An Ethereal Day at the Game's Biggest Gathering


By Gary Greenbaum

Baltimore - I've just been here for a little over a day and as I try and gain some perspective on the experience, I would like to share my experiences so far. I knew I was entering uncharted waters on my way into Baltimore on Friday night. Can you picture yourself driving into Los Angeles for the first time, examining some of the billboards that hover over the 10 freeway near the Staples Center and there…….jumping out at you was a full size billboard with just one message….STX Lacrosse. That's what happened to Zeke and I as we entered the downtown area. Right then and there, I knew that this weekend was going to be something special.



As we journeyed deeper into the downtown area, the lacrosse fever got more and more intense. When Zeke and I checked into the hotel, at midnight, the lobby was literally crawling with adults decked out in tee shirts and hats that either boasted of their collegiate lacrosse pedigree or advertised the programs that their children were involved in. Kids wielding sticks of all sizes and colors were parading through the hotel sporting jerseys of their favorite teams, not Lakers or even the Baltimore Orioles. I'm talking the Syracuse Orangemen, the Hopkins Blue Jays and the Virginia Cavaliers. If you happened to be a foreign tourist visiting the states for the first time, you would have probably thought that lacrosse and not baseball was our national pastime. For me, it was easy. I was in lacrosse heaven.
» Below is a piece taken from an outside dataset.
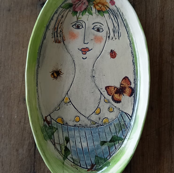 Pressed in white clay and painted with coloured slips and glazed in a matt clear glaze.Ceramic decals of flowers birds and insects are added to give details.Measures approximately 15cms .Hanging loop on reverse. Will be carefully packed and posted.

This was, in fact, lacrosse Woodstock. Instead of the Yasgur's farm there was Ravens Stadium, instead of the rock groups there were lacrosse teams and instead of musicians like Santana or Country Joe there were athletes with names like Johnny Christmas and Josh Bergey. No, the only thing that was the same was the weather and just like 1968, the rain did not dampen the spirits of the players or the spectators. It was as if it added another dimension to the games reminding me of some of the intense snowy NFL championships that I went to in New York as a kid.



And despite the unbelievable caliber of play that I was witnessing, nothing quite put the stamp on the experience like the post game celebration I was lucky to attend after Johns Hopkins beat Syracuse in the first semi-final game. I had hooked up with Brian Carcaterra, Hopkins alumni, three-time All-American and last year's varsity coach at Beverly. We joined the other Hopkins alumnae at a tailgate party at Ravens Stadium before the game. After the Hopkins victory, we journeyed back to the parking lot. You can imagine the scene. Hopkins hadn't been to the championship game in twelve years. In a school as rich in lacrosse tradition as Hopkins, that is an eternity.



Carc: a huge fan and new Rochester Rattlers Keeper


There were alumni all about, both before and after the game, that ran the gamut from 2002 graduates to those who probably graduated in the thirties. Some were former players, some were fans, some were children and some were grandchildren. But all were caught up in the emotion of the victory. And then it happened. I was totally blindsided as the first Hopkins player appeared, cleaned up from the battle that had just ended. As he waded through the crowd, humbled by Monday's task that lay ahead, he made his way to his parents who he hugged with a grip that was both gentle and firm as he fought the tears that began to swell in his eyes. The procession continued. Randomly, more of his teammates entered, some still in their uniforms both soaked with sweat and covered with the muddy residue of the contest. But the one thing that struck me was that not one of them was gloating. They weren't there to boast of about their individual or team stats. They just stopped by to thank everyone for their support, tell them that they were okay and that they were heading back to prepare for Monday's war.



You may wonder why I haven't included any observation on the games themselves….the hard shots, the precision passes or the great saves. You can get all of that in the papers or on the internet. What you can't get are the moments that touch your heart, as a former player, coach or especially as a parent. I can only say that this has been one of the most memorable experiences of my life and I truly hope that many of you will avail yourselves of the experience in 2004. Have a great summer!

Gary Greenbaum is the Director of Lacrosse for Beverly Hills, California and President of the Pacific Coast Lacrosse Association.